There are few stored procedure written which sending OUT REF CURSORS to calling event.
They are using types.cursor_type as datatype.
IS there any difference in types.cursor_type & SYS_REFCURSOR?
Cursors with a defined return type are strongly typed. Sys_refcursors are weakly typed.

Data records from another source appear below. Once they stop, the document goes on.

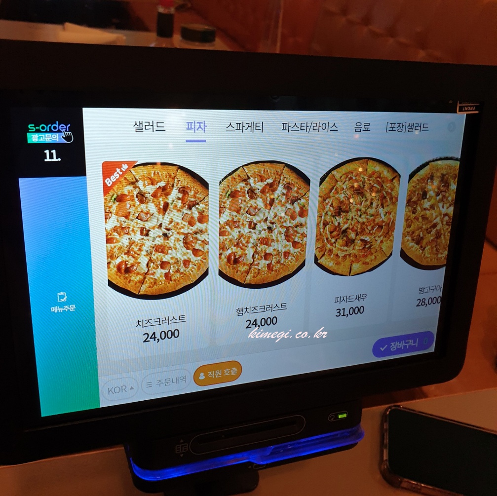 이재모 피자에 정말 많은 피자 메뉴가 있더라고요. 메뉴가 많을 때는 일단 기본부터 주문하는 것이 진리입니다. 이재모 치즈크러스트 피자를 주문했습니다. 아침을 너무 많이 먹어서 일단 S사이즈로 주문했어요. 피자뿐만 아니라 사이드 메뉴도 정말 많아요.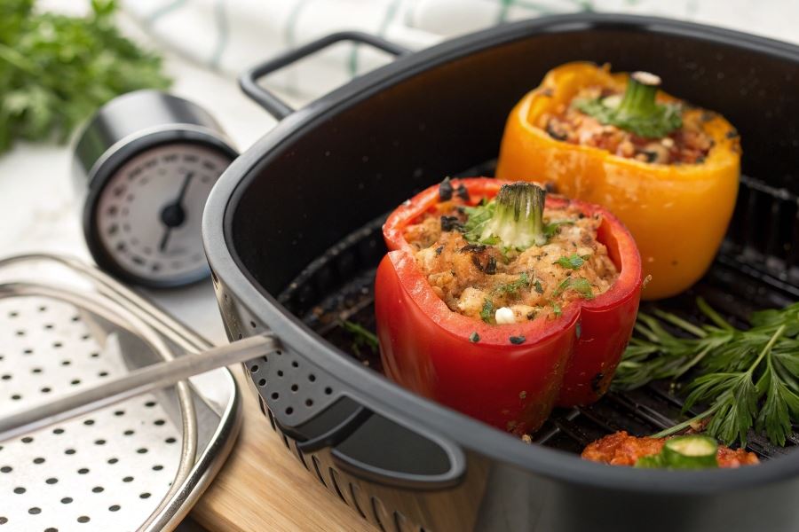 Papryka faszerowana przygotowana w air fryerze zachowuje intensywny smak i aromat, jednocześnie zyskując charakterystyczną chrupkość na powierzchni, której trudno dostać przy tradycyjnych metodach gotowania.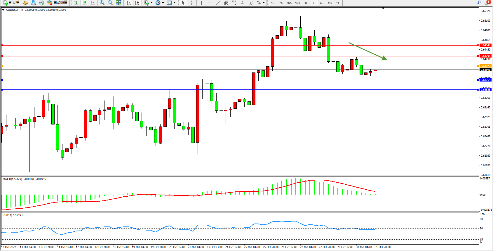 澳元兑美元维持0.63991附近震荡,澳洲联储预计将在周二加息25个基点至2.85%,但上周公布的第三季度通胀数据高企,可能将迫使央行总裁和政策委员会讨论加息50个基点。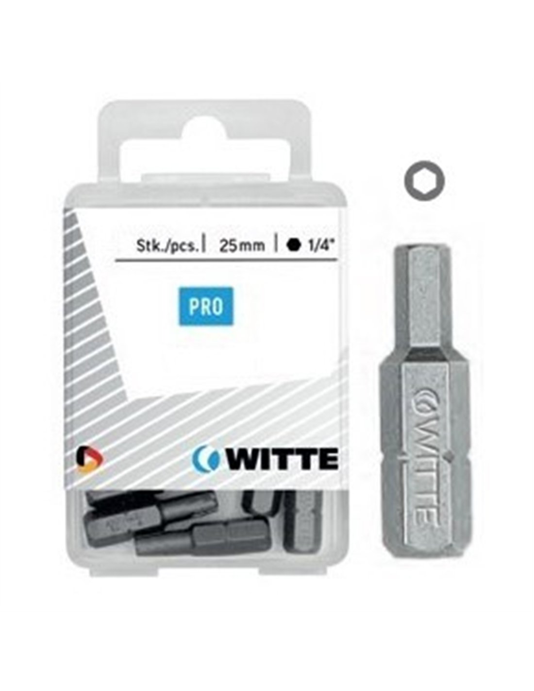Witte-427083-10 screwdriver bits are an essential tool for any professional or DIY enthusiast seeking precision and durability in their projects. Made from high-alloy steel, these bits have been designed using state-of-the-art technology and machinery, guaranteeing exceptional performance. The subsequent hardening process, combined with precise geometry, allows for optimal torque transmission, ensuring that each screw is tightened efficiently and securely. The longevity of these bits is directly related to their intrinsic quality, the perfect fit on the screw head, and their correct application during use.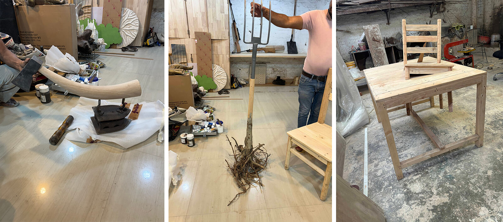 (L-R) Domestic Violence, Nature’s Cutlery, Library Table and Library Chair by Gautam BhatiaImage: Courtesy of Gautam Bhatia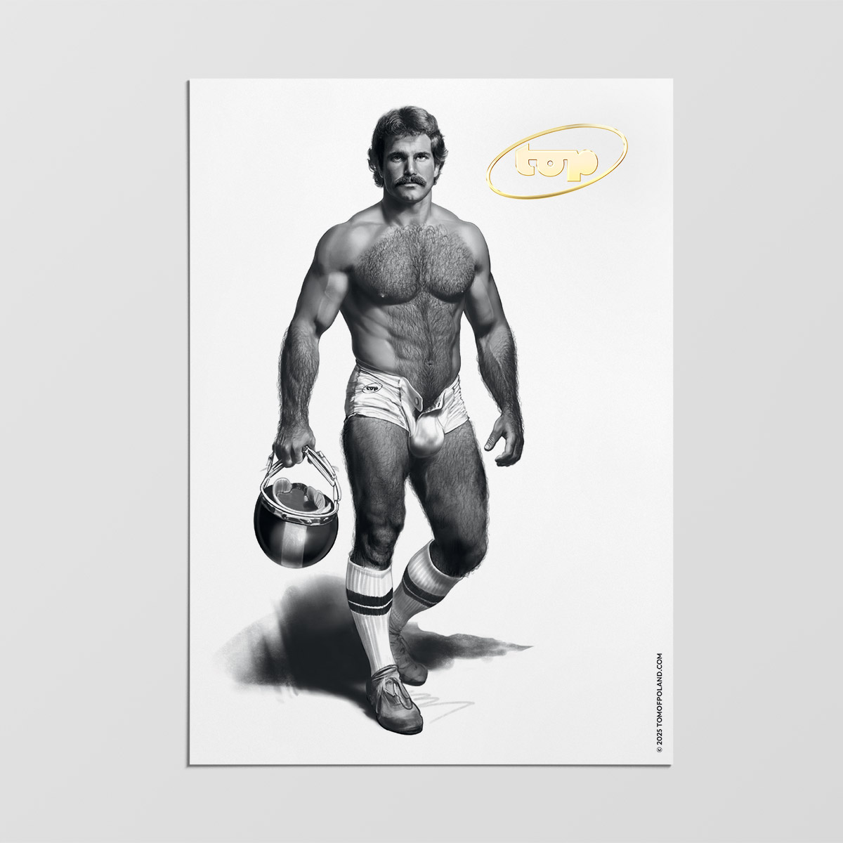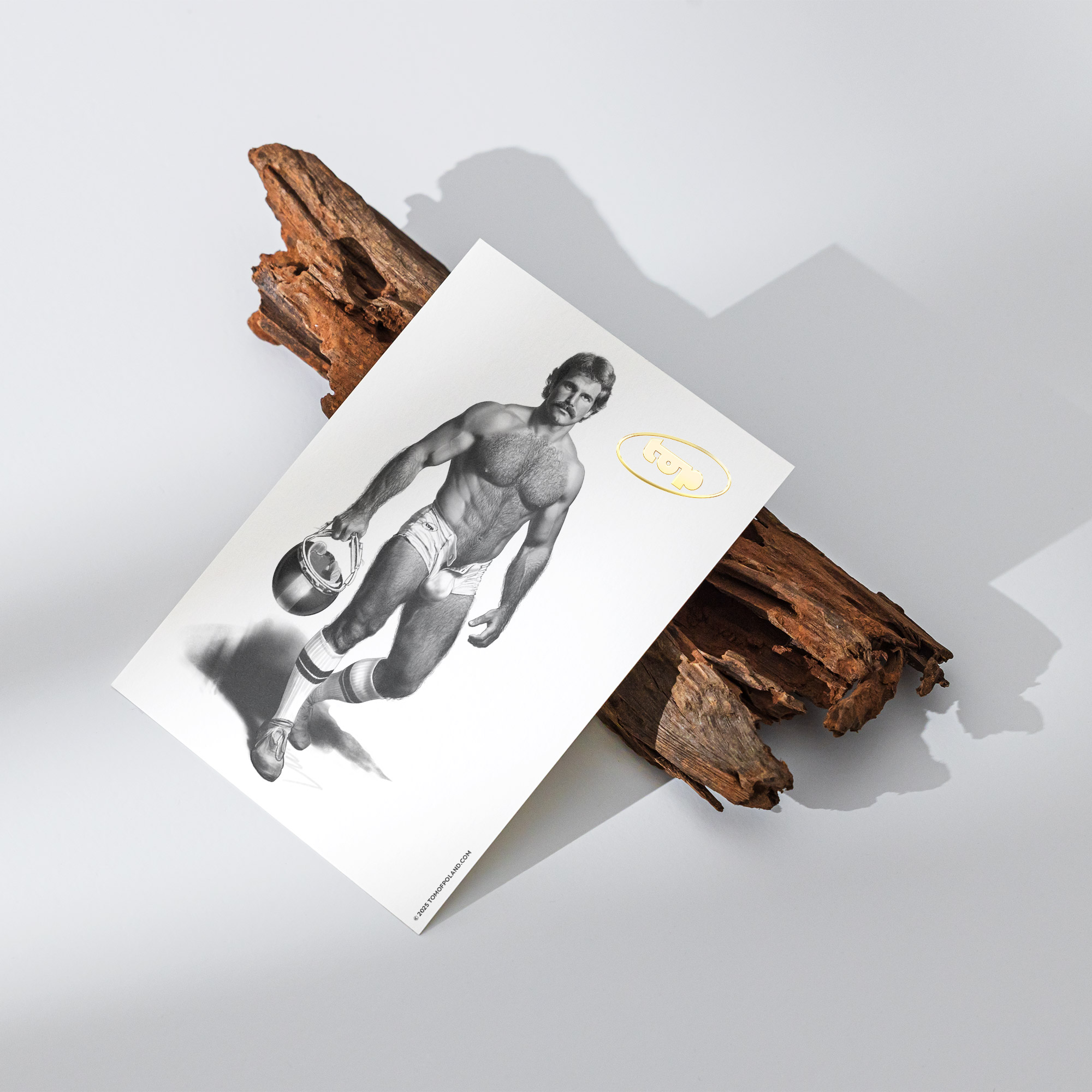 Printed on 400g matte art paper, this A5 collector’s card immortalizes Captain Rick “Steel” — the first icon of the Locker Room Legends series. Rendered with obsessive precision, his sculpted form and commanding gaze capture the raw intensity and erotic charge that define Tom of Poland’s vision of masculinity.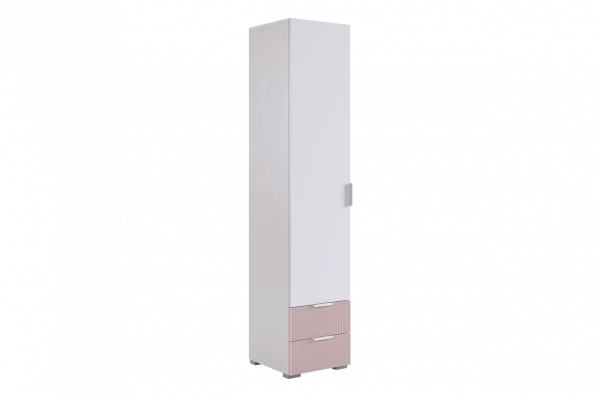 Шкаф изготовлен из прочного материала – лдсп белого дерева, а фасады выполнены из качественного мдф с использованием эмали цвета пудра розовая, добавляющей бархатистость и нежность. Вертикальные полосы на фасаде создают эффектный акцент с использованием фрезеровки.
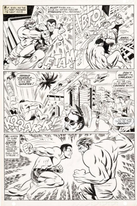 For all the artistic consistency, though, there’s little to recommend the stories. Standing head and shoulders above the remainder is Lee reworking The Island of Doctor Moreau, replacing Moreau with the High Evolutionary, a geneticist obsessed with the creation of humanoid animals. There’s hubris, pathos and tragedy as the despite his best intentions the High Evolutionary discovers his creations have reverted to feral instincts. Beyond that, two battles between the Hulk and the Sub-Mariner hit the mark, the second better for having them face each other on equal terms and showing the sheer power the two of them generate.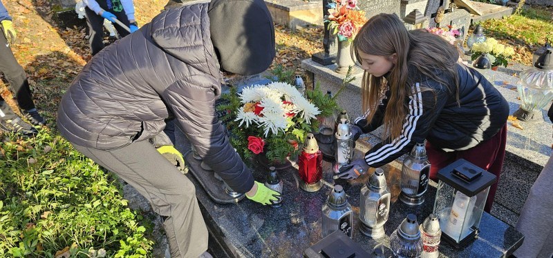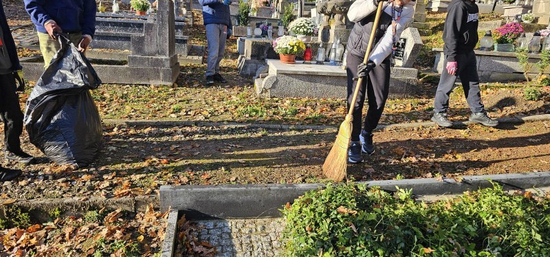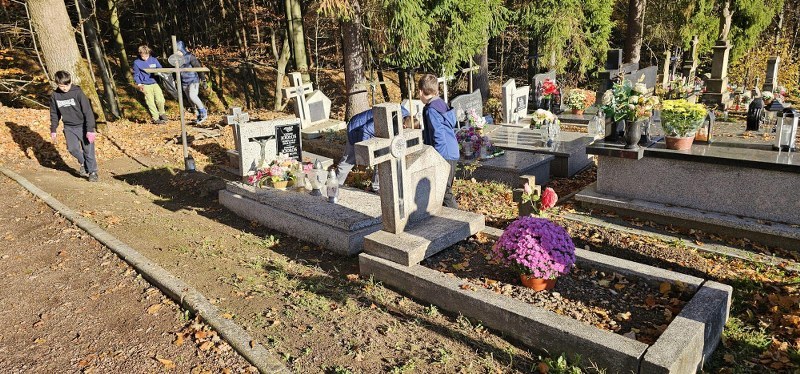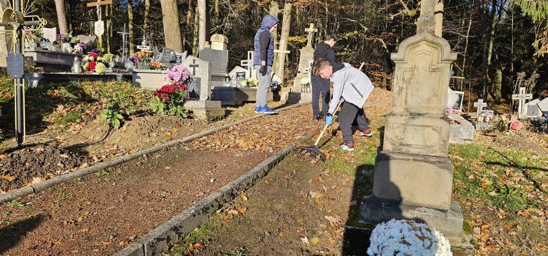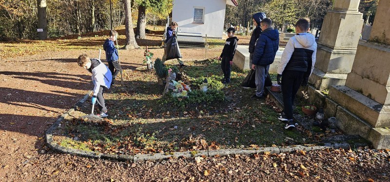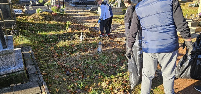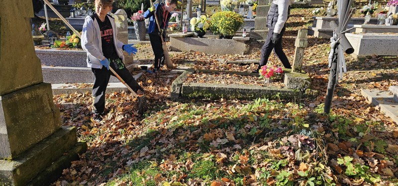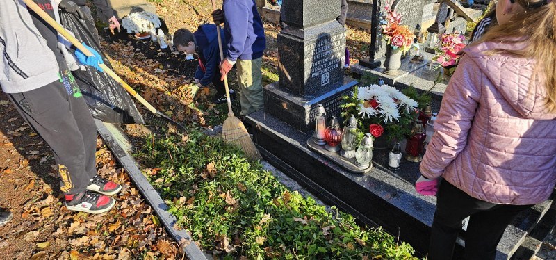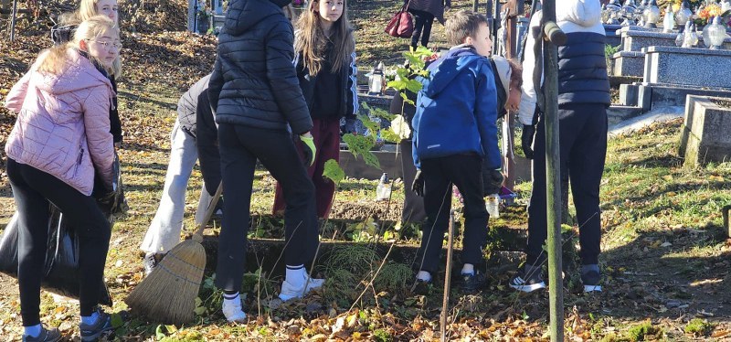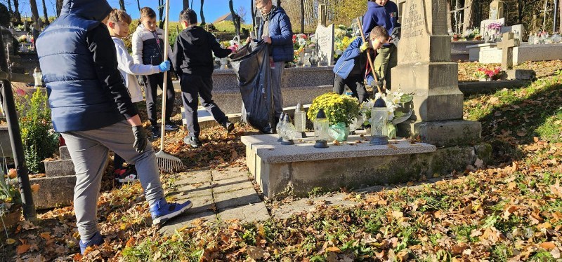 Uczniowie Szkoły Podstawowej im. Marii Kotulskiej w Jodłówce Tuchowskiej wzięli udział w akcji sprzątania cmentarza parafialnego. Dzieci porządkowały groby, usuwały liście i zapalały znicze na mogiłach, okazując w ten sposób szacunek dla zmarłych. Działanie to miało również charakter wychowawczy – uczyło pamięci, odpowiedzialności i wspólnej pracy.

The key difference is you can only assign queries that match the return type to a strong cursor. That is the number and type of the columns have to match (though not the column names). You can open any query with a weakly typed cursor:
create or replace package pkg as
cursor cur is
select 1 n from dual;
type tcur is ref cursor return pkg.cur%rowtype;
end pkg;
/
declare
cur pkg.tcur;
begin
open cur for
select 'a' s, 1 n from dual;
end;
/
ORA-06550: line 5, column 5:
PLS-00382: expression is of wrong type
declare
cur pkg.tcur;
begin
open cur for
select sysdate d from dual;
end;
/
ORA-06550: line 5, column 5:
PLS-00382: expression is of wrong type
declare
cur pkg.tcur;
begin
open cur for
select 9 d from dual;
end;
/
PL/SQL procedure successfully completed.
declare
cur sys_refcursor;
begin
open cur for
select 'a' s, 1 n from dual;
close cur;
open cur for
select 9 n from dual;
close cur;
end;
/
PL/SQL procedure successfully completed.
It's better practice to use strong cursors. The query has to match the cursor type. If it doesn't your code won't compile!
Reserve weak cursors for cases where you to return cursors with different numbers or types of columns. Though in my experience the need to do this is rare!